Dataset extract ->
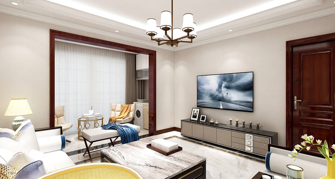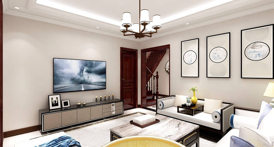 泰和郡210m2新中式風(fēng)格-客廳效果圖
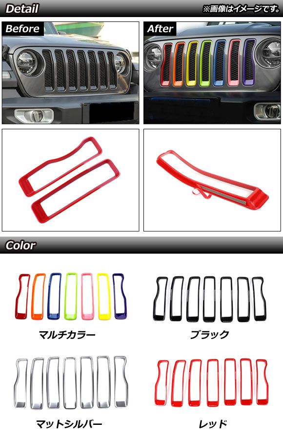 フロントグリルカバー ジープ ラングラー JL ルビコン用 2018年〜2023年 マルチカラー ABS製 入数:1セット(7個) AP-FG543-RGB
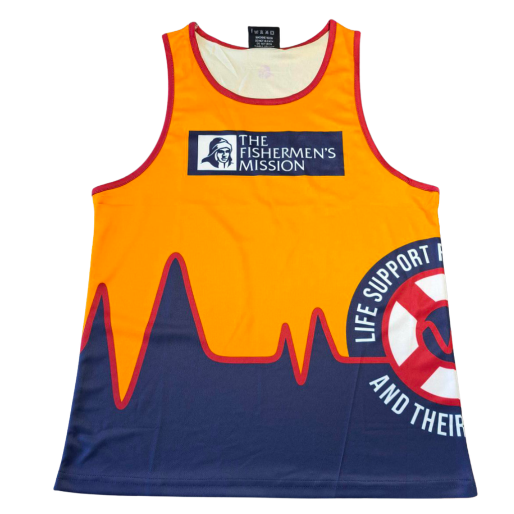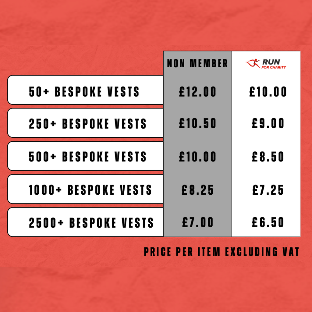 Custom branded charity running vests, male, female and unisex sizing 3XS - 4XL
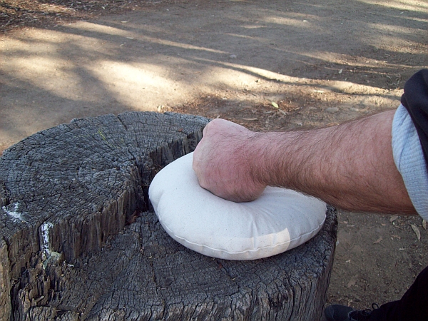 As you can see in the photos you can perform Iron Palm and hand conditioning exercises to strengthen your entire hands, wrists and forearms. From developing breaking ability, punching power to hit like a freight train or getting those Popeye like forearms, the Iron Palm Training Bag can be a great asset in your hand conditioning program.

Goal of the exercise -> Please return the data above exactly as it stands from the line with "フロントグリルカバー ジープ ラングラー" to the line with "Custom branded charity", keeping both of those lines but none of the pictures.

Solved exercise ->
 フロントグリルカバー ジープ ラングラー JL ルビコン用 2018年〜2023年 マルチカラー ABS製 入数:1セット(7個) AP-FG543-RGB
 Custom branded charity running vests, male, female and unisex sizing 3XS - 4XL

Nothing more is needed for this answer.